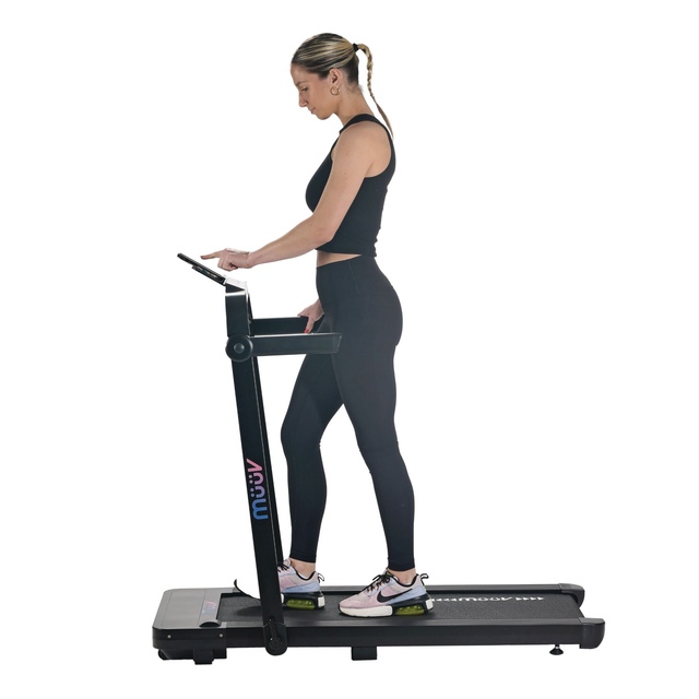 Upgrade your home gym with the smart, easy to use müüv Treadmill. Fully integrated with the müüv app, the treadmill lets you experience personalized smart workouts to get the most out of your equipment. Simply tell müüv how much time you have, what type of workout you want to do, pick your coach, and let müüv create the workout. Easily start, stop, and change your speed with the müüv app. During your workout, your coach will let you know when the interval is going to change and will automatically adjust the speed of the treadmill. You can even pick your favourite iHeart Radio playlist or podcast in the app.
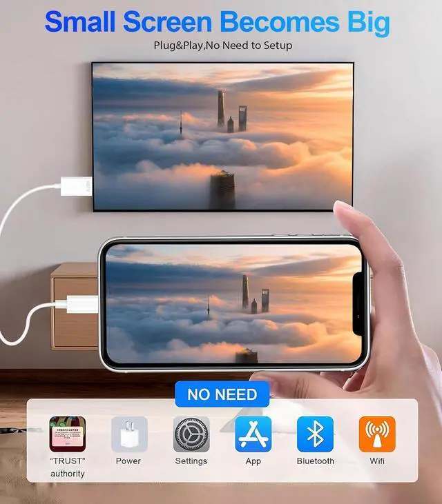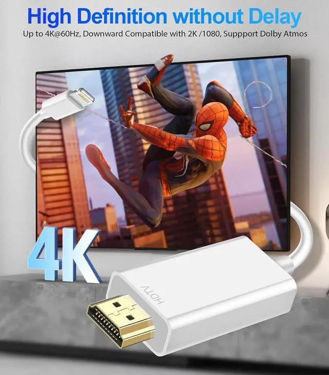 Adapter to iPhone/iPad: Denlane HDMI to lightning adapter equipped with 2025 upgrade chip to ensure high-speed syncing video and audio. Connecting your iphone/ipad to the big screen device includes HDTV Monitor Computer and Projector it will becomes an ideal accessories for watching TV shows meeting playing games facetime or expanding your workspace! HDMI to iPhone
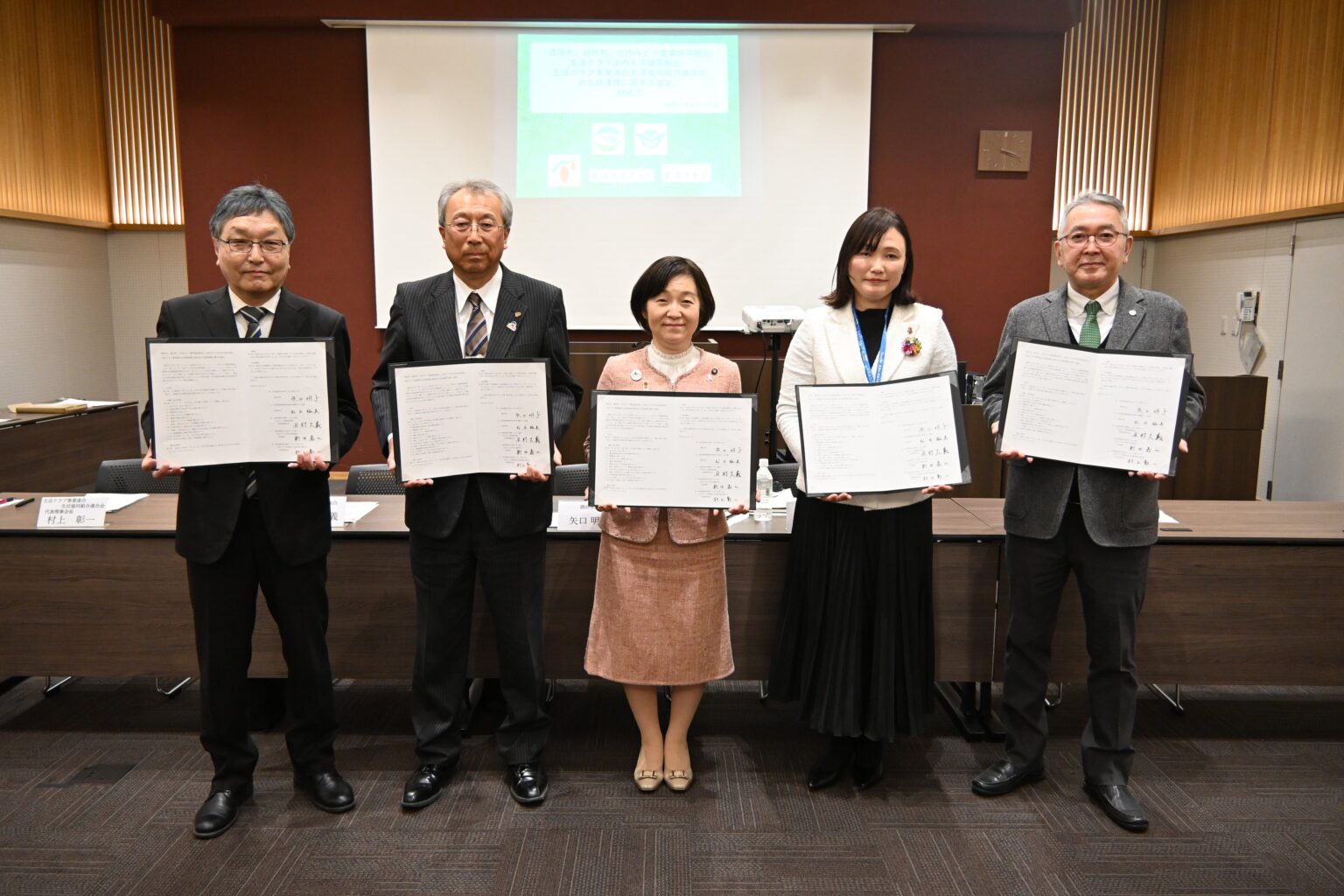 2026年2月25日、酒田市と遊佐町、JA庄内みどり、生活クラブ庄内生活協同組合、生活クラブ事業連合生活協同組合連合会の5者は、遊佐町役場で「包括連携に関する覚書」と「大規模災害時に対する相互協力に関する覚書」を結びました。庄内地域の持続可能な発展と、庄内全域での協力体制づくりを進めます。
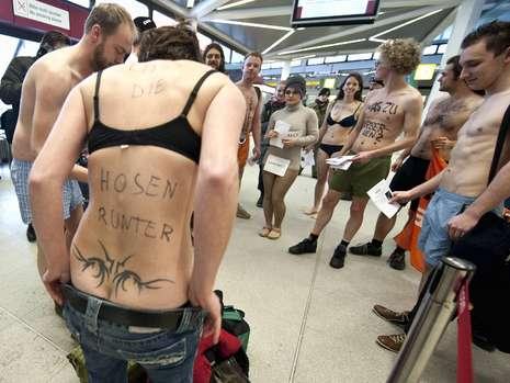 他們身著很少的衣服,一些人還在自己裸露的皮膚上寫著:誰來保護我們的隱私?他們還在微型博客網(wǎng)站Twitter上寫道:“你們無需對我們進行安檢了,因為我們已經(jīng)赤身裸體了!

- Your objective: What is needed is an exact copy of the lines from the start of the listing above through the line that holds "Adapter to iPhone/iPad: Denlane", with the pictures left out.

- Completed exercise:
 Upgrade your home gym with the smart, easy to use müüv Treadmill. Fully integrated with the müüv app, the treadmill lets you experience personalized smart workouts to get the most out of your equipment. Simply tell müüv how much time you have, what type of workout you want to do, pick your coach, and let müüv create the workout. Easily start, stop, and change your speed with the müüv app. During your workout, your coach will let you know when the interval is going to change and will automatically adjust the speed of the treadmill. You can even pick your favourite iHeart Radio playlist or podcast in the app.
 Adapter to iPhone/iPad: Denlane HDMI to lightning adapter equipped with 2025 upgrade chip to ensure high-speed syncing video and audio. Connecting your iphone/ipad to the big screen device includes HDTV Monitor Computer and Projector it will becomes an ideal accessories for watching TV shows meeting playing games facetime or expanding your workspace! HDMI to iPhone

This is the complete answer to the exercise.